General discussions and questions.
lukasm
Posts: 4
Joined: Thu Mar 16, 2017 1:37 pm

Parser Error not working as expected

Post by lukasm »

Hello,
I'm having an issue with the error thrown by a python parser:
In my implemented nuke parser class I'm setting self.error=True. As I understood it, afanasy should then get a Parser Bad Result (PBR) error and restart this task. In my case, the task stays on the state RUN, but in the background the render process is killed. afrender output gives me: "Error: Parser bad result. Stopping task."
But instead of restarting the task, nothing happens (state stays on RUN) and after waiting some time, the afserver runs into the af_task_update_timeout threshold. Afrender tries to stop the Task, but fails with the message
AFERROR: RenderHost::stopTask: 0 tasks, no such task
TP: j6 b0 t4
Then after waiting some more the server runs into af_task_stop_timeout.

This is some strange behaviour, I think. Can you reproduce that? What am I missing here? How do I properly throw an error from the python parser?

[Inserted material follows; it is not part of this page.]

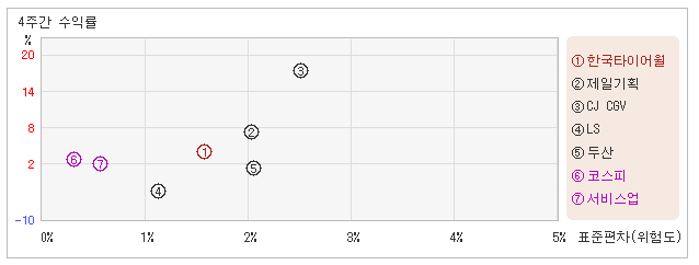 다음으로 업종과 시장을 비교해보면 한국타이어월드와이드가 속해 있는 코스피업종은 서비스업지수보다 변동성은 낮고, 수익률은 높은 모습을 보여주고 있다. 따라서 코스피업종에 투자하고 있다면 지수대비 안전하면서도 높은 상승률을 기록하고 있는 것이다.

CGRU version 2.2.0 / Python version 2.6.6 / GCC version 4.4.7
User avatar
timurhai
Site Admin
Posts: 911
Joined: Sun Jan 15, 2017 8:40 pm
Location: Russia, Korolev
Contact:

Re: Parser Error not working as expected

Post by timurhai »

Hi.

If you have af_task_update_timeout and af_task_stop_timeout, this means that afrender stopped to send any info about the task.
So after parser "self.error=True" afrender killed this task, and just forget about the task, it did not send to afserver that is PBR, and server still thinks that it is RUN.
If it is so, it is a bug.
But we need to catch it.
I always testing on a dummy task:
https://github.com/CGRU/cgru/tree/maste ... %20scripts
There is also a job.py that sends such task.py.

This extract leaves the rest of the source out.